James Joseph Patrick Keogh has spent his life running. Starting at school, then into care, drugs, marriage, parenthood and bad choices. He’s ricocheted from one situation to another, from a child in Ireland to an adult in Manchester, and we’re party to all of it. Writer and actor Eve Steele takes an hour to give us a life.
This one-person show compresses Keogh’s history, following his route from wide-eyed optimism to repeated mistakes. Steele’s writing is a constant "I am", the present tense as a slippery slope played out beat by beat. In tracksuit bottoms and running shoes, her Keogh is a nervy, volatile figure.
The gender swap of Steele’s performance works to give Keogh’s story a freshness and raw voice. Whether pacing, dancing or waking with a hangover, she imbues her dialogue with an urgency that has a corner-of-the-room intimacy. Director Ed Jones keeps his production fluid and jittery, but it's still when it matters.

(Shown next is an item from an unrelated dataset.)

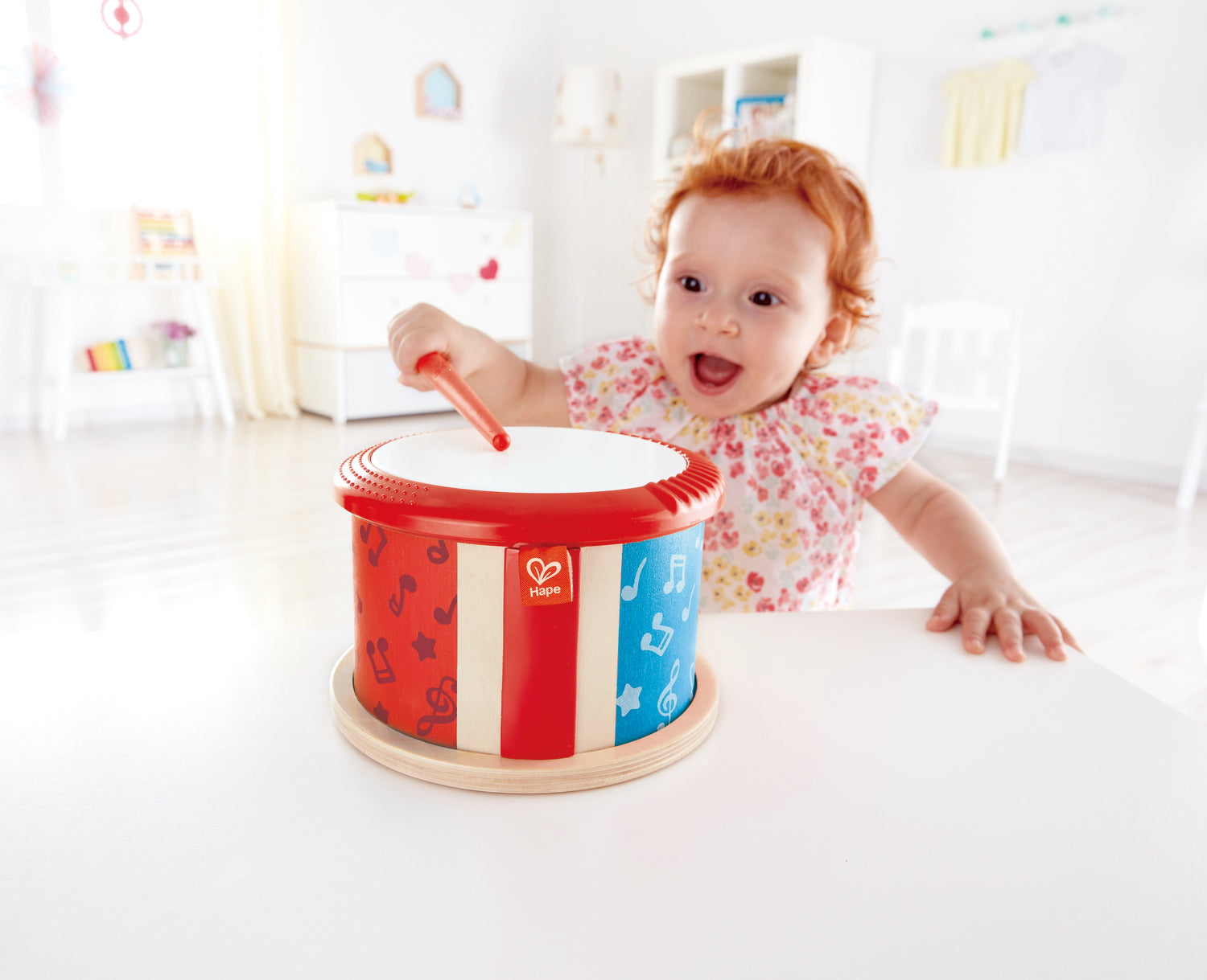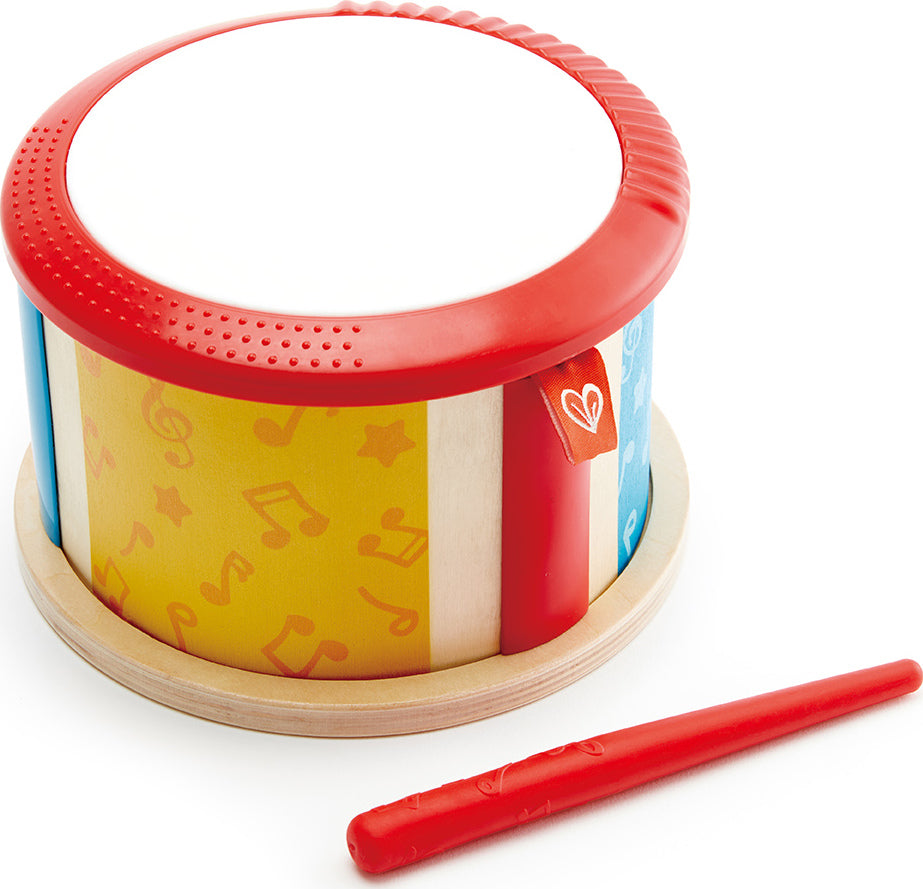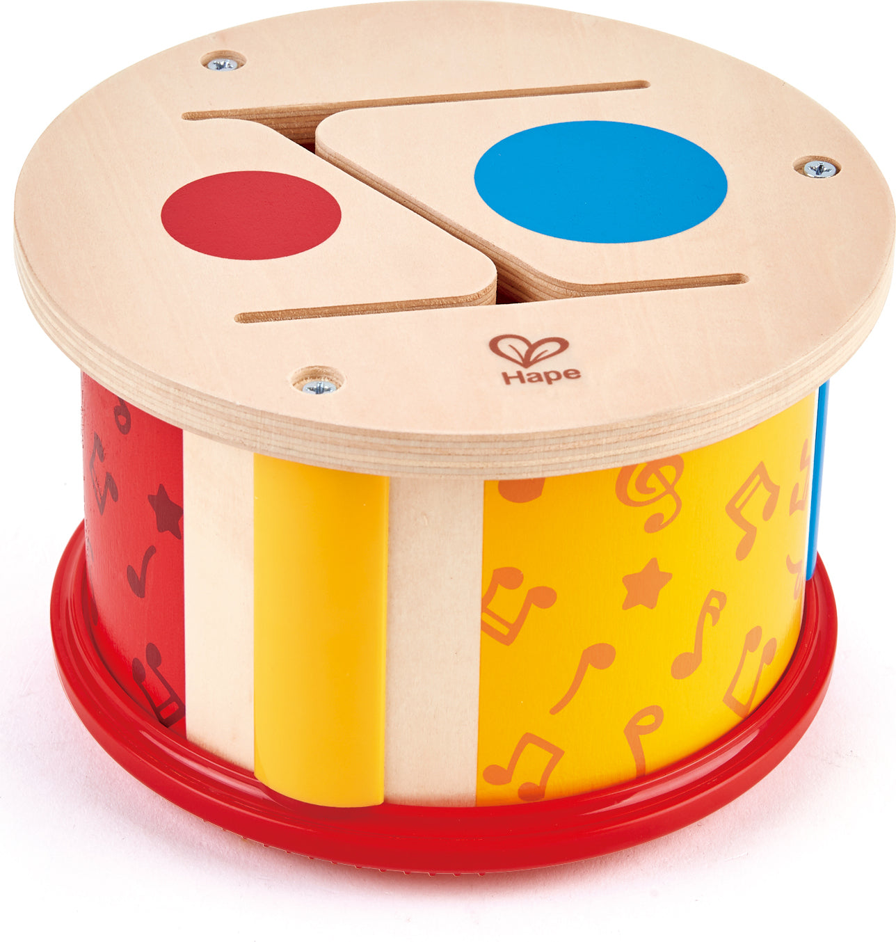 Create wild rhythms with this versatile drum! Use the stick on the top surface and the side ridges. Then flip over to play the wooden tone drum.

But the Underbelly Big Belly swamps a piece that exists in moments in grimy hotel rooms, stolen cars and prison cells. It strands Steele, rather than bringing us in close. And the litany of problems that befalls Keogh starts to deaden their impact.
When the lights slowly begin to dim and Steele’s voice cracks, Life by the Throat really grips you by the scruff. But there’s a relentlessness to it, an all-purpose pile-up of misery, that leaves Keogh feeling more like a salutary warning than running at his own pace.